4.5. Classification Accuracies

Several widely used accuracy metrics, i.e., the OA, AA, K, and accuracy of each class, are used to assess the final classification results. These metrics are derived from the site-specific confusion matrix. For the PU dataset, regarding CAP1, many samples of Class 1 (Asphalt) are wrongly classified as Class 7 (Bitumen), and several samples of Class 6 (Bare Soil) are classified as Class 2 (Meadows). Concerning CAP2, many samples of Class 1 are wrongly classified as Class 7, and many samples of Class 2 are classified as Class 6. The apparent omission errors appear in Class 1, and Class 8 (Self-Blocking Bricks) is meant to have a considerable intra-class variability. With respect to CNN1, the apparent errors occur between Class 1 and Class 7, Class 2 and Class 6, and Class 3 (Gravel) and Class 8. As for the two baseline classifiers, except for Class 5 (Painted metal sheets) and Class 9 (Shadows), the other classes have obvious omission errors and commission errors. For Class 4 (Trees) with RF and SVM classifiers, many samples are wrongly classified as Class 2, and more samples of Class 2 are incorrectly classified as Class 4. The apparent commission and omission errors between the class pairs demonstrate the low inter-class variability. The classification accuracies obtained for the SA dataset are fairly good. For all models and classifiers, there are no obvious commission and omission errors. Such results indicate the superior performance (i.e., the saturated accuracies) when using a relatively simple dataset.

Based on Table 2, the classification accuracies can be summarized as follows: (1) both network structures show the promising performance; (2) the CAP-based models are slightly superior to the CNN-based models in terms of the Kappa, OA, and AA; and (3) most of the commission and omission errors occur in Class 1 (Asphalt) and Class 7 (Bitumen), Class 2 (Meadows) and Class 6 (Bare Soil), and Class 3 (Gravel) and Class 8 (Self-Blocking Bricks). In addition, compared to classification accuracies of the CNN presented by Yu et al. [27], our CNN-based models get better performance. Table 3 shows that: (1) all models and classifiers get the nearly saturated performances; (2) most of the commission and omission errors are caused by Class 2 (Corn_senesced_green_weeds) and Class 3 (Lettuce_romaine_4wk); and (3) CAP and CNN have the similar accuracies for all classes.

4.6. Probability Maps

Additionally, to show that CAP has clear advantages over CNN, we graph the probability maps of every model or classifier. An apparent distinction is reflected in the probability maps of CNN and CAP. This result discloses that the differences of the simple and complex datasets have a significant impact on the measuring performance.
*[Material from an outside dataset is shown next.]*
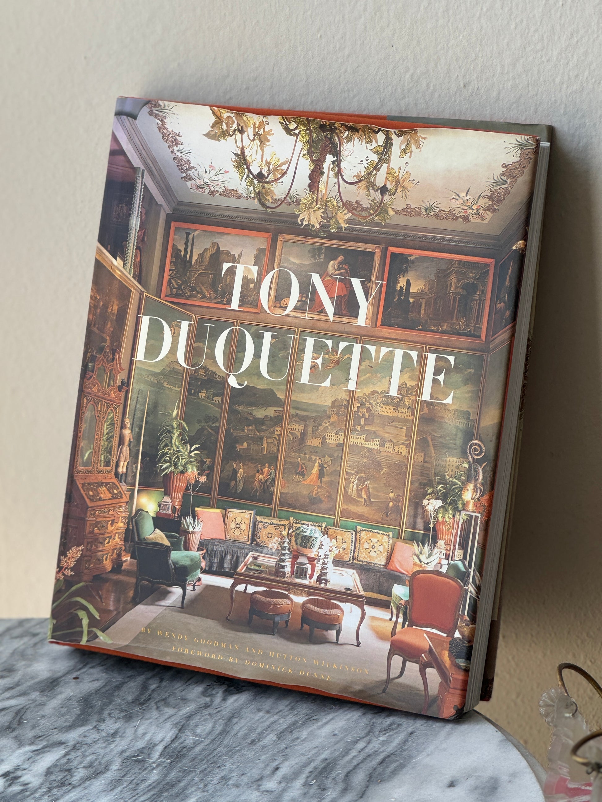 Absolutely lovely Tony Duquette coffee table book. Front paper is slightly bent on top and bottom, but I’m pressing it between books to flatten it out. Going online for $150! 4 lbs and 15oz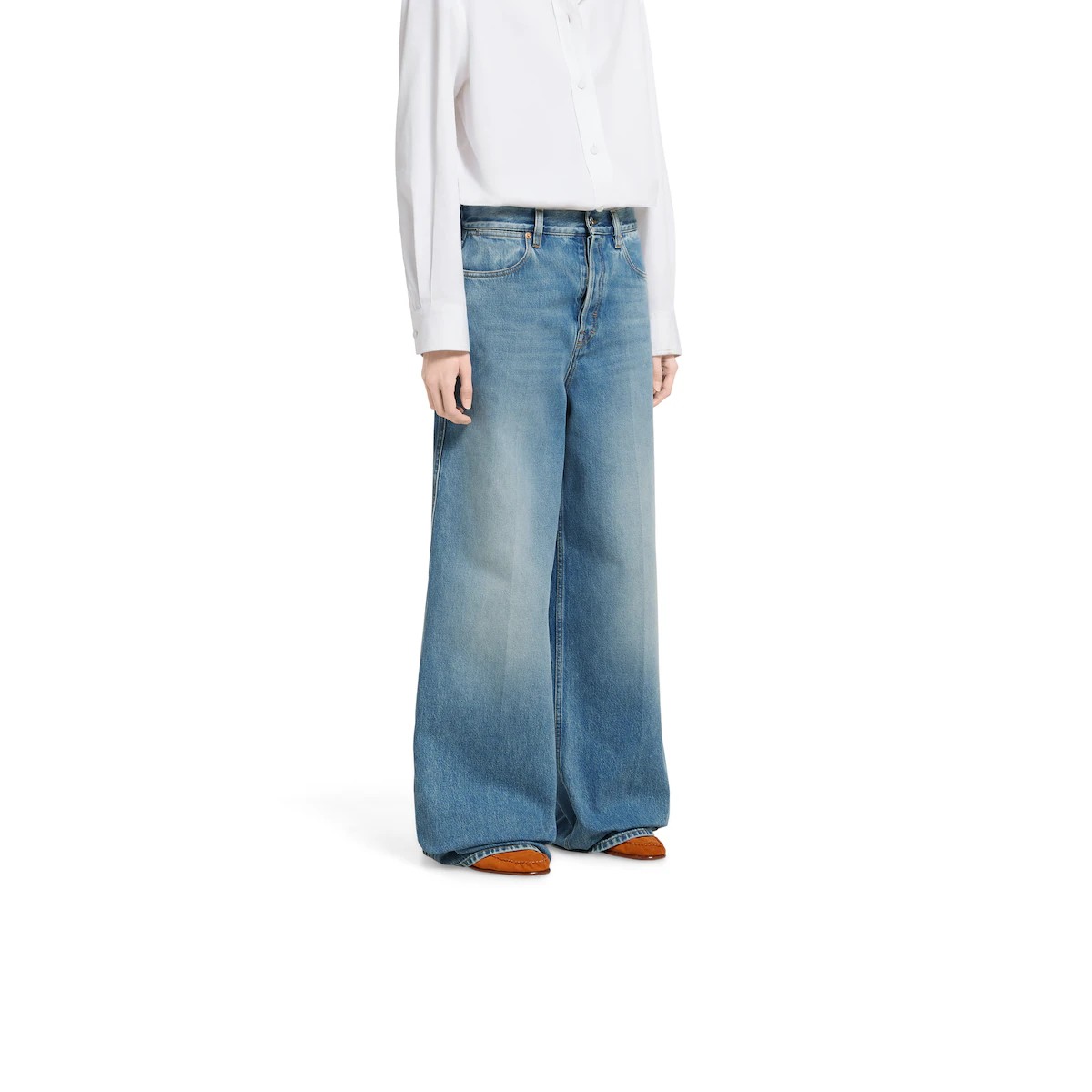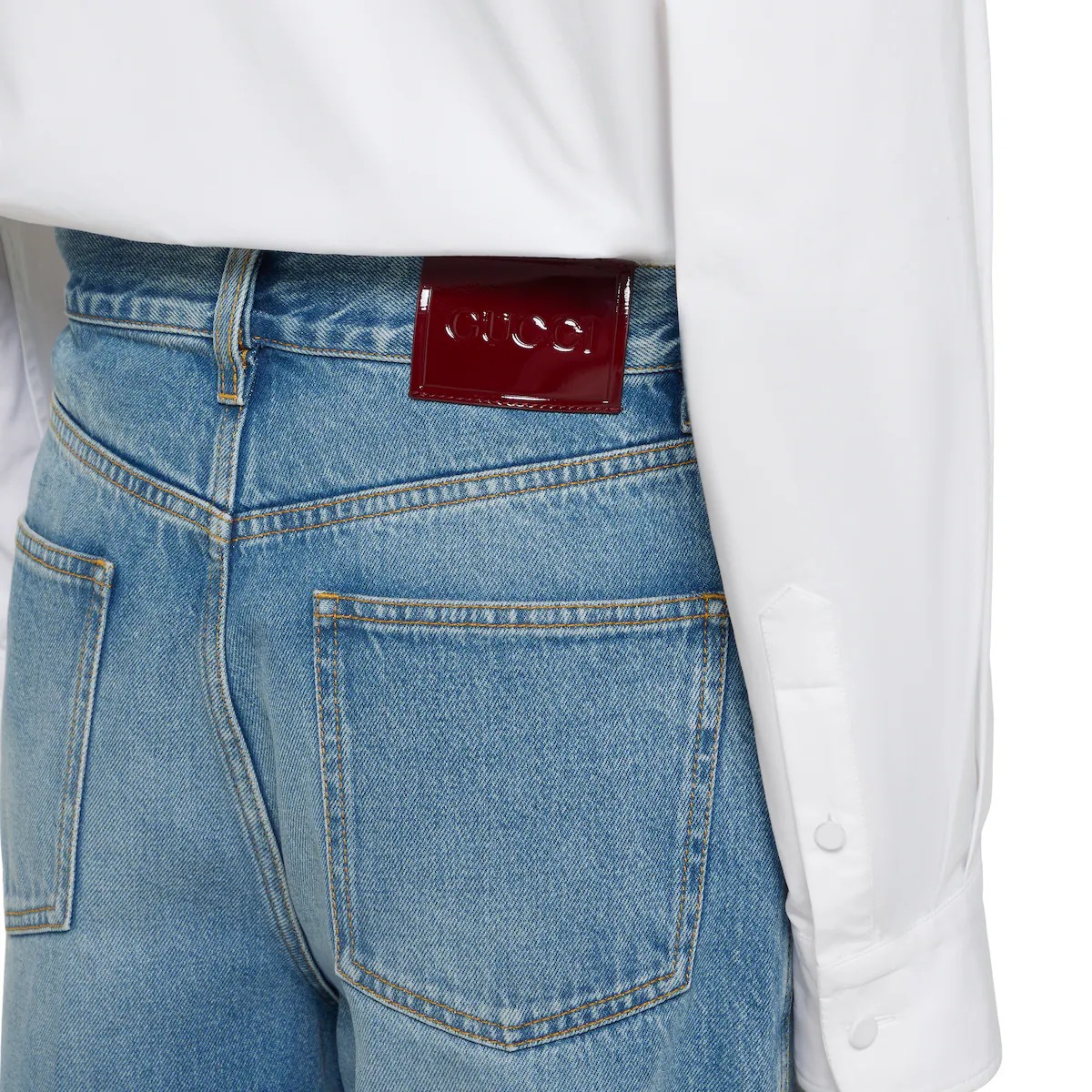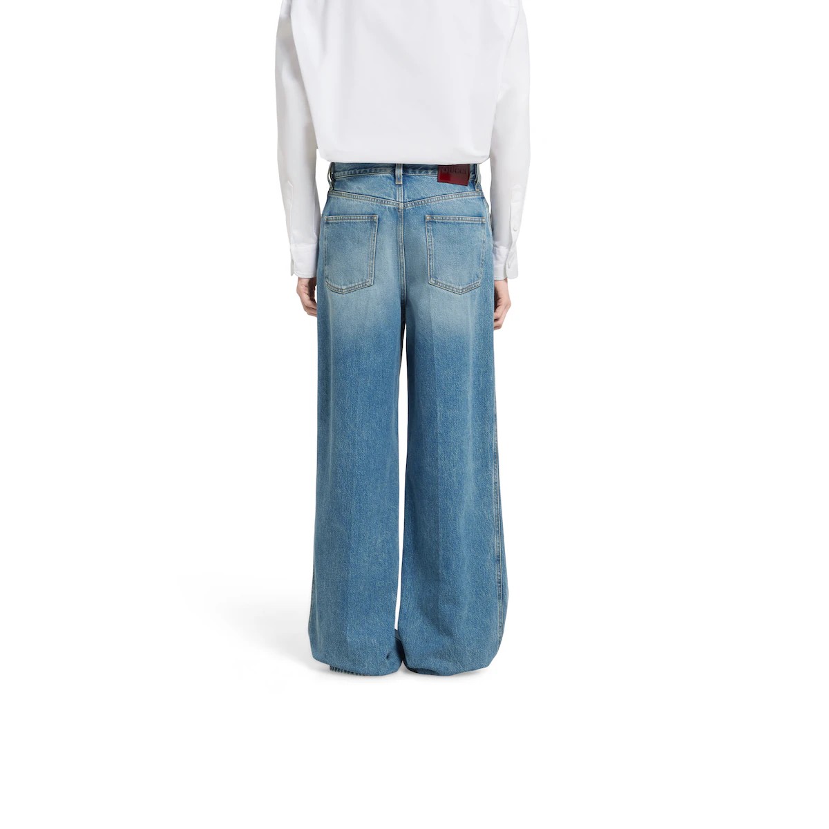캐주얼한 데일리 룩의 품격을 높이는 정교한 디테일로 데님에 대한 참신한 해석을 보여주는 2025 프리폴 컬렉션. 스톤 워시드 코튼 데님 소재에 구찌 로소 앙코라 나플락 라벨로 디자인을 완성한 5포켓 스타일의 와이드 레그 팬츠.

Figure 10 shows noticeable differences between the CNN- and CAP-based models, such as the weak predictions in a holistic scene in the case of the CNN-based models. Thus, the maximum predicted probabilities of many samples are relatively low. Weak predictions occur in the cross-area and the area covered by non-ground truth samples in the case of the CNN-based models. Furthermore, the CAP-based models for the SA dataset are supposed to be consistent with the results of the PU dataset.

5. Discussion

5.1. Parameters Determination

The performance of HSI classification with the supervised neural networks [43] usually depends on: (1) the representative ability of the designed structures; (2) the number of training samples; (3) the size of input patch: and (4) the parameter configurations (or the experimental setups). We take 7 × 7 as the patch size based on the information given in the literature [29,43,47]. The batch size (i.e., 64) of the input data is of particular importance to obtain a proper representation of the accuracy and loss of training and validation procedures. Regarding the influence of model sizes, deep learning models with the deeper layers appear to have worse classification results for HSI classification [43]. Meanwhile, shallower network structures are apt to be comparable to each other. Previous work has indicated that a 3 × 3 kernel size encounters with the serious overfitting problem, and the 1 × 1 convolutional kernel can provide better performance [27]. We found that a 4 × 4 kernel size and 64 filters for one convolutional layer are a viable option. Additionally, Zhong et al. [48] also found that deep learning models with the regularization methods (i.e., BN) could obtain the higher classification accuracy than those without. The spatial pooling operation has been retained due to its superior performance. Yu et al. [27] suggested that the dropout operation was necessary and provided a better performance. Additionally, for the capsule layer, the dimension of capsules is set to 64, and three routings are used by default.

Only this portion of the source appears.